**PROBLEM TO SOLVE**
Your output is to hold only the lines from the one showing "(Sir William Hamilton)" through the end of the listing, exactly, with every picture excluded.
── DATASET CONTENT ──
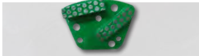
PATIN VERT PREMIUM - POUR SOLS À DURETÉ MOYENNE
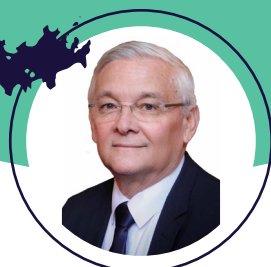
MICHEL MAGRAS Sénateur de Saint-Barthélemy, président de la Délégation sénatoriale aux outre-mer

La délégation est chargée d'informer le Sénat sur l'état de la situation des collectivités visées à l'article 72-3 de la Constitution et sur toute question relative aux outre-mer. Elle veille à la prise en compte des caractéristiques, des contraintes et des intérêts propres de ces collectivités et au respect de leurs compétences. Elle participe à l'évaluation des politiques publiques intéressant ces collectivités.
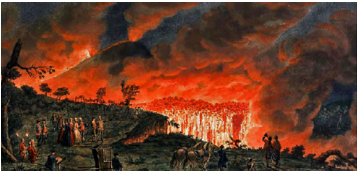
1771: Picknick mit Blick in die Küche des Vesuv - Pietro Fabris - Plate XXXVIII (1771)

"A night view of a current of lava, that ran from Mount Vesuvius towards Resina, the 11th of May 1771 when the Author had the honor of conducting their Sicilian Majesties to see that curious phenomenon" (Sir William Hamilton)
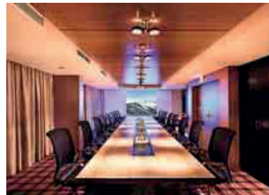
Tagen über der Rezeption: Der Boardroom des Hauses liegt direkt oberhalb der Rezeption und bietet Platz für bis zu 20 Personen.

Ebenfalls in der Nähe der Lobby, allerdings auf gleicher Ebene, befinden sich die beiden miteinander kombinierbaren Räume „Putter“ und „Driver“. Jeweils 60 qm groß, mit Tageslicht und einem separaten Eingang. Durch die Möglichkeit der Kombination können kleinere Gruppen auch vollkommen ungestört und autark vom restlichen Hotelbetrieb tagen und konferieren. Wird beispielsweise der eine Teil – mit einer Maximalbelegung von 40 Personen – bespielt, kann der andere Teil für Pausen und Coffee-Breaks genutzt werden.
───
**EXERCISE RESPONSE**
"A night view of a current of lava, that ran from Mount Vesuvius towards Resina, the 11th of May 1771 when the Author had the honor of conducting their Sicilian Majesties to see that curious phenomenon" (Sir William Hamilton)
Tagen über der Rezeption: Der Boardroom des Hauses liegt direkt oberhalb der Rezeption und bietet Platz für bis zu 20 Personen.

Ebenfalls in der Nähe der Lobby, allerdings auf gleicher Ebene, befinden sich die beiden miteinander kombinierbaren Räume „Putter“ und „Driver“. Jeweils 60 qm groß, mit Tageslicht und einem separaten Eingang. Durch die Möglichkeit der Kombination können kleinere Gruppen auch vollkommen ungestört und autark vom restlichen Hotelbetrieb tagen und konferieren. Wird beispielsweise der eine Teil – mit einer Maximalbelegung von 40 Personen – bespielt, kann der andere Teil für Pausen und Coffee-Breaks genutzt werden.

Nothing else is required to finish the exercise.